LANXESS has announced an investment of €200 million (about SGD 340 million) in a new neodymium polybutadiene rubber (Nd-PBR) plant with a capacity of 140,000 metric tons per annum in Singapore.
The company is set to break ground for the plant on the 11 September 2012. It is the company’s second largest investment project which will cater to the growing demand for “Green Tires” in Asia.

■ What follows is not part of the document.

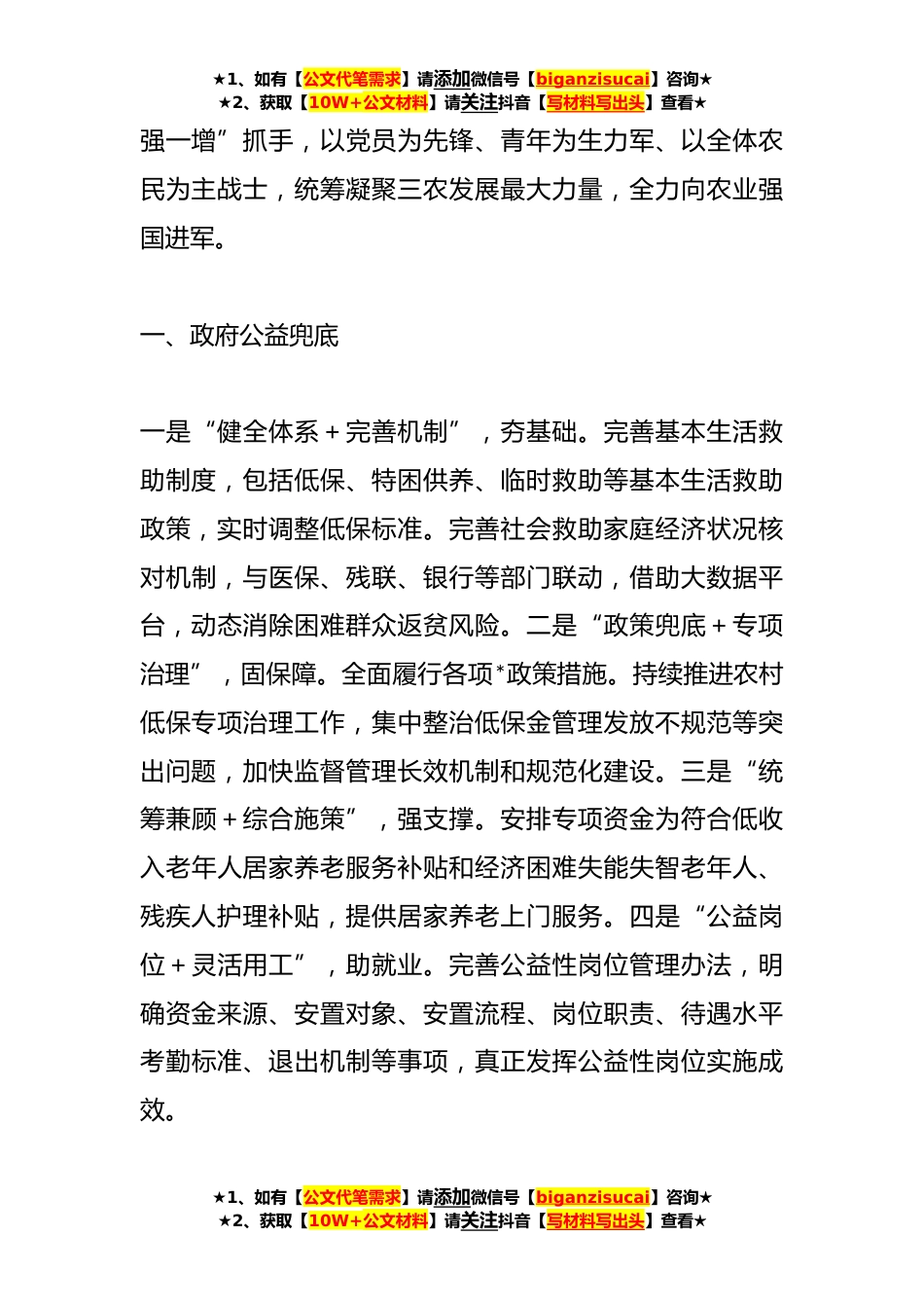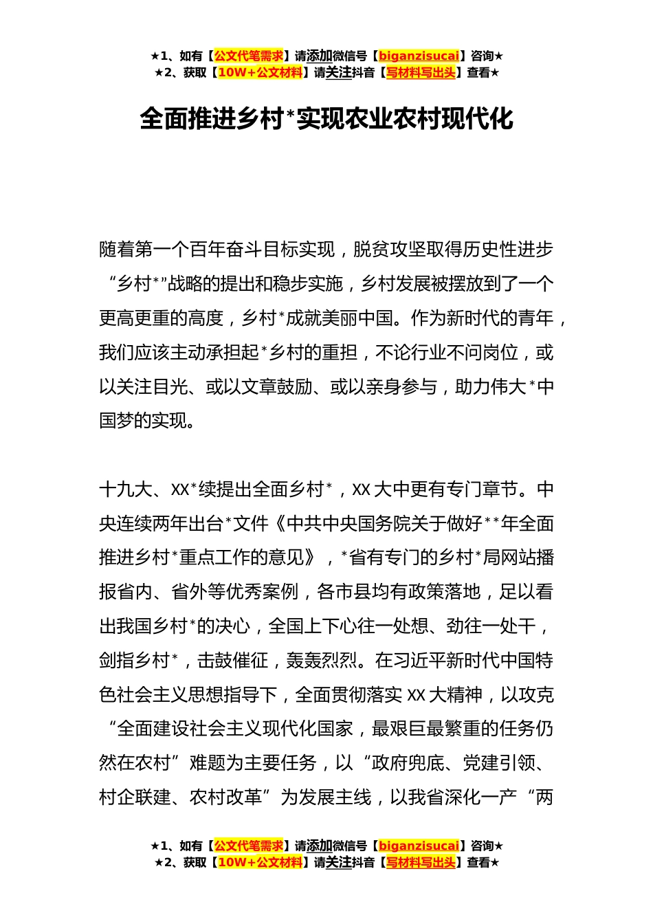 ★1、如有【公文代笔需求】请添加微信号【biganzisucai】咨询★★2、获取【10W+公文材料】请关注抖音【写材料写出头】查看★全面推进乡村*实现农业农村现代化随着第一个百年奋斗目标实现,脱贫攻坚取得历史性进步“乡村*”战略的提出和稳步实施,乡村发展被摆放到了一个更高更重的高度,乡村*成就美丽中国。作为新时代的青年,我们应该主动承担起*乡村的重担,不论行业不问岗位,或以关注目光、或以文章鼓励、或以亲身参与,助力伟大*中国梦的实现。十九大、XX*续提出全面乡村*,XX大中更有专门章节。中央连续两年出台*文件《中共中央国务院关于做好**年全面推进乡村*重点工作的意见》,*省有专门的乡村*局网站播报省内、省外等优秀案例,各市县均有政策落地,足以看出我国乡村*的决心,全国上下心往一处想、劲往...

Megatrend mobility is driving the demand for “Green Tires” and LANXESS is a major provider of Nd-PBR which is used in these tires. Nd-PBR resists abrasion, reduces rolling resistance, and increases fuel efficiency, durability and safety of tires. It is used inthe sidewalls and treads of “Green Tires.” The global growth rate of these tires is10%, and in Asia it is 14%. Tire labeling which is being introduced in many countries will also fuel the demand for green tires. The labeling will signify the importance of “Green Tires”. These tires can help Singapore save 140 million liters of fuel and 352,600 tons of CO2 every year.
Axel C. Heitmann, Chairman of the Board of Management at LANXESS, Akira Yonemura, Managing Director of Petrochemical Corporation of Singapore (PCS), Lim Kong Puay, President and CEO of Tuas Power and Director of TP Utilities, and other members of LANXESS met on March 1 to sign key supply contracts for the new Nd-PBR plant.
LANXESS requires butadiene as raw material for production of Nd-PBR. PCS has agreed to supply the material and is constructing a new butadiene extraction plant. TP Utilities, a unit of Tuas Power, has signed an agreement to supply steam to the Nd-PBR plant for a period of 10 years. TP Utilities has a biomass-clean coal cogeneration plant with an electricity generation capacity of 100 MW and steam capacity of 500 TPH. It is augmenting its steam capacity with an additional 650 TPH.
The new Nd-PBR plant is located in the Jurong Island Chemical Park, next to LANXESS’ butyl rubber plant, which is under construction and is expected to go into production in 2013.